EXERCISE AIM :: The listing is to be printed word for word, pictures omitted.

DATASET EXCERPT ::
—————

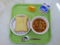 牛乳セサミトーストレンズ豆のスープフルーツミックス今日の給食は、すりごまを使った...
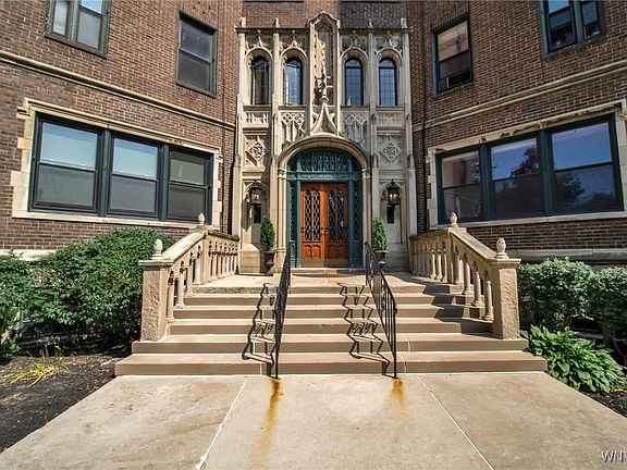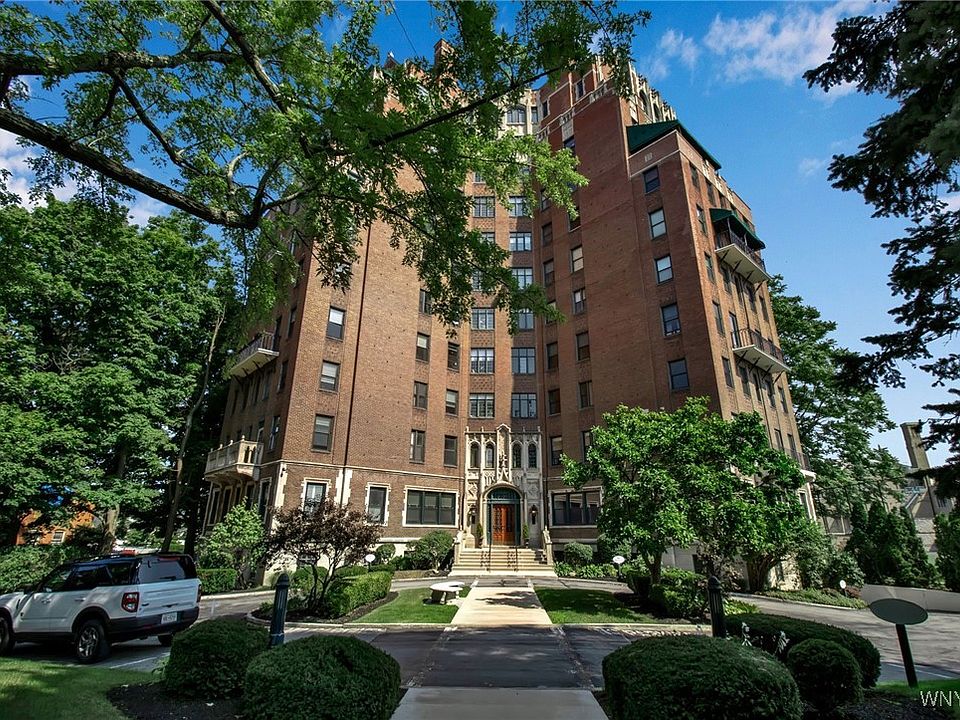Fantastic condo in one of Buffalo's premier buildings! 800 West Ferry, designed by Duane Lyman, boasts exceptional 1920s architecture, a spectacular lobby with gorgeous details, and convenient walkability to Elmwood Village shops and restaurants. This turn-key one-bedroom unit is a perfect blend of classic features and thoughtful modern updates! Entryway with ample coat nook leads to convenient and modern half bath. Spacious, bright living room boasts gleaming, refinished parquet floors, decorative fireplace centerpiece with mantel, traditional built-in bookshelves, and plenty of natural light! Opens to beautifully upgraded kitchen with granite countertops and breakfast bar, bonus pantry space, stainless appliances, and gorgeous fixtures. Gracious primary suite is a true sanctuary, offering extensive built in storage, and en-suite bath with tub/shower and beautiful vanity. Additional attic storage and designated, off-street parking space included! Enjoy 24 hour security, common terrace space, and all utilities included in HOA. Location can't be beat; great proximity to Delaware Park, Medical Campus, theatre district and more. Building is in a historic district; qualifies for SHPO tax credits for home renovation projects that qualify!
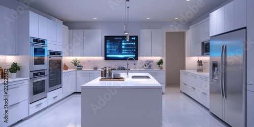 A modern, sleek kitchen featuring white cabinetry, stainless steel appliances, an island, and smart technology integrated into the design.

—————

EXERCISE ANSWER ::
 牛乳セサミトーストレンズ豆のスープフルーツミックス今日の給食は、すりごまを使った...
Fantastic condo in one of Buffalo's premier buildings! 800 West Ferry, designed by Duane Lyman, boasts exceptional 1920s architecture, a spectacular lobby with gorgeous details, and convenient walkability to Elmwood Village shops and restaurants. This turn-key one-bedroom unit is a perfect blend of classic features and thoughtful modern updates! Entryway with ample coat nook leads to convenient and modern half bath. Spacious, bright living room boasts gleaming, refinished parquet floors, decorative fireplace centerpiece with mantel, traditional built-in bookshelves, and plenty of natural light! Opens to beautifully upgraded kitchen with granite countertops and breakfast bar, bonus pantry space, stainless appliances, and gorgeous fixtures. Gracious primary suite is a true sanctuary, offering extensive built in storage, and en-suite bath with tub/shower and beautiful vanity. Additional attic storage and designated, off-street parking space included! Enjoy 24 hour security, common terrace space, and all utilities included in HOA. Location can't be beat; great proximity to Delaware Park, Medical Campus, theatre district and more. Building is in a historic district; qualifies for SHPO tax credits for home renovation projects that qualify!
 A modern, sleek kitchen featuring white cabinetry, stainless steel appliances, an island, and smart technology integrated into the design.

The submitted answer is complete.